Jueves, de Juan Gelabert












CARLOS X. ARDAVÍN TRABANCO [mediaisla] Resulta reconfortante comprobar que existen poetas como Juan Gelabert, que persisten en la ardua brega de construir con palabras el misterio de la vida y del amor, la torre invicta de la poesía.
Leer poemas en días lluviosos es una sana y hermosa costumbre. Parecería como si los versos leídos al susurro del agua en las ventanas adquiriesen tonalidades más profundas, más íntimas y significativas. O como si las metáforas y las imágenes, los ritmos y hasta los temas dejaran en nosotros una indeleble huella y el sosiego de una melodía que en días soleados apenas percibimos. Y es que la melancolía que convocan los poemas de Jueves de Juan Gelabert se presta de forma plena a los luengos días otoñales en que me han sido por vez primera revelados.

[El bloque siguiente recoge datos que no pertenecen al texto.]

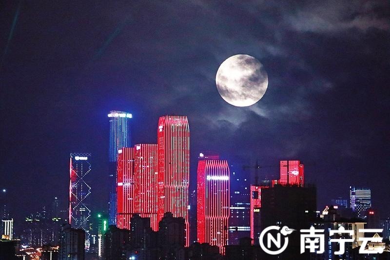 昨晚,南宁夜空出现今年第一次超级月亮。超级月亮是指近地点时的满月,此时月亮不仅圆满,而且视直径最大。今年4月27日11时32分(望),月球、地球和太阳排列成近似一条直线,月亮最圆。记者程勇可摄
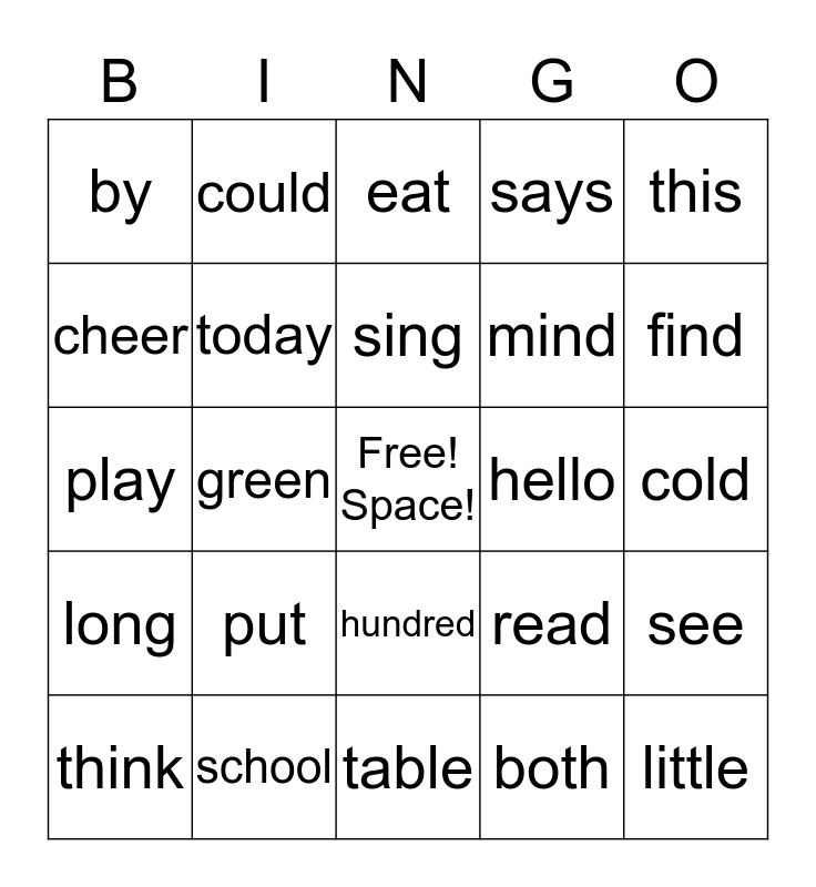 This bingo card has a free space and 24 words: put, school, sing, think, this, by, cheer, could, hello, hundred, mind, play, read, see, today, both, cold, eat, find, green, little, long, says and table.

Jueves: día mayormente aciago y triste en las composiciones de este joven poeta dominicano que, junto a Noé Zayas, llevó por años el timón de la editorial Ángeles de Fierro. Día consagrado al pensamiento y la memoria del amor, al sueño perturbador de esa muchacha misteriosa cuya evocación se reitera a lo largo de las páginas de este poemario, tan lleno de felices aciertos líricos, de notas que revelan una recóndita pasión, un existir nervioso que sólo a través del conducto de la poesía se atreve a decir su nombre. Nombre que es múltiple y diverso, ajeno a veces al paso del tiempo, otras sumido de lleno en los estertores del tránsito fugaz y de la agitada vida actual.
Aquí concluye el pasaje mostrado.